Kampfmittelbelastungen, die aus Bodenkämpfen resultieren, beinhalten ein weites Spektrum an möglichen Kampfmitteln. Hierzu gehören u. a. ehemals als Infanterie-, Panzer-, Artillerie- und Pioniermunition eingesetzte Kampfmittel. Die konkrete Ausprägung ist situativ bedingt und kann deshalb nicht allgemeingültig angegeben werden.

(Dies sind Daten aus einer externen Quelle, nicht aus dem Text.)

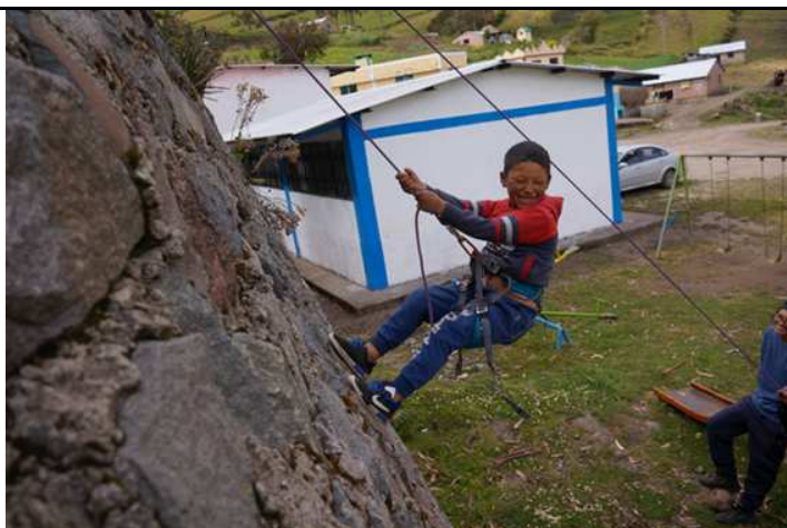
Dinámica de rapel
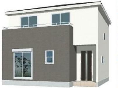
※完成予想図/このハウスは図面を基に描いたもので実際とは多少異なる場合がございます。

物件番号 888A-AD0D | 情報公開日 2024年11月06日 | 広告有効期限 2024年11月21日 | 仲介手数料無料+期間限定キャンペーン実施中!
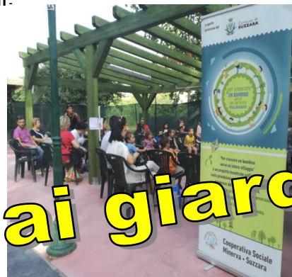
Favole ai giardini
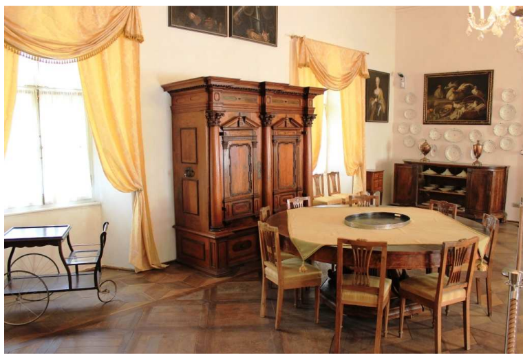
Sala da pranzo, con arredi, dipinti e stoviglie pregevoli...
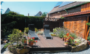
Zum Wohlfühlen braucht man nicht viel Platz.

Wünschen Sie sich einen Ort, an dem Sie ganz Sie selbst sein können, sich zu Hause fühlen – einen Ort mit Pflanzen, Holz, Stein und anderen Materialien?
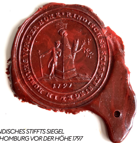
RIND'SCHES STIFTS SIEGEL IN HOMBURG VOR DER HÖHE 1797
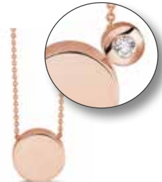
704 Y/W/R Gold €299 / $419 / £269
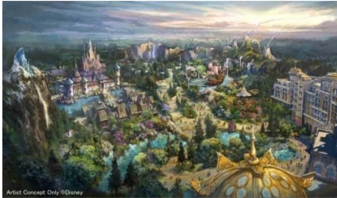
Artist Concept Only ©Disney
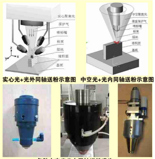
各种中空激光光内送料增材制造工

激光加工按是否增材而分为2种, 一种是激光直接辐照加工, 另一种就是增材熔覆加工, 增材方式有多种, 其中同步送料是更先进, 难度也偏大的一种增材加工方式, 这其中, 同步送料的光料喷射方式及其喷头是激光增材加工的关键技术与重要装备之一。我们研究中空激光光内送料增材制造工

Wegen der sehr unterschiedlichen Ausprägung sowohl hinsichtlich Art, Menge, Zustand, Tiefenlage und sonstiger Fundumstände können allgemeingültige Aussagen zum Gefährdungspotenzial nicht getroffen werden. Die Tatsache, dass in den Stellungen verbliebene Munition in der Regel bezündert war und die Ursachen für die zu Blindgängern geführten Fehlfunktionen nicht bekannt sind bzw. am gefundenen Kampfmittel nicht festgestellt werden können, verursacht für derartige Kampfmittelbelastungen zunächst ein grundsätzlich hohes Gefährdungspotenzial. Eine abschließende Bewertung ist nur durch eine standortspezifische Gefährdungsabschätzung möglich.
Kampfmittelbelastungen aus Bodenkämpfen können regional bedeutend sein. Gebiete mit schweren Kampfhandlungen sind bekannt. Allerdings ist davon auszugehen, dass eine große Zahl der mehr kleinräumig, lokal ausgebildeten Kampfgebiete und die damit verbundenen Kampfmittelbelastungen heute nicht mehr bekannt sind. Dies schmälert allerdings nicht die Relevanz der Kampfmittelbelastung aus Bodenkämpfen.
Das Kampfmittelinventar und die teilweise großräumigen Kampfgebiete sowie die vielen lokal ausgebildeten, aber nicht mehr hinreichend bekannten Flächen können eine Gefährdung für die Schutzgüter darstellen.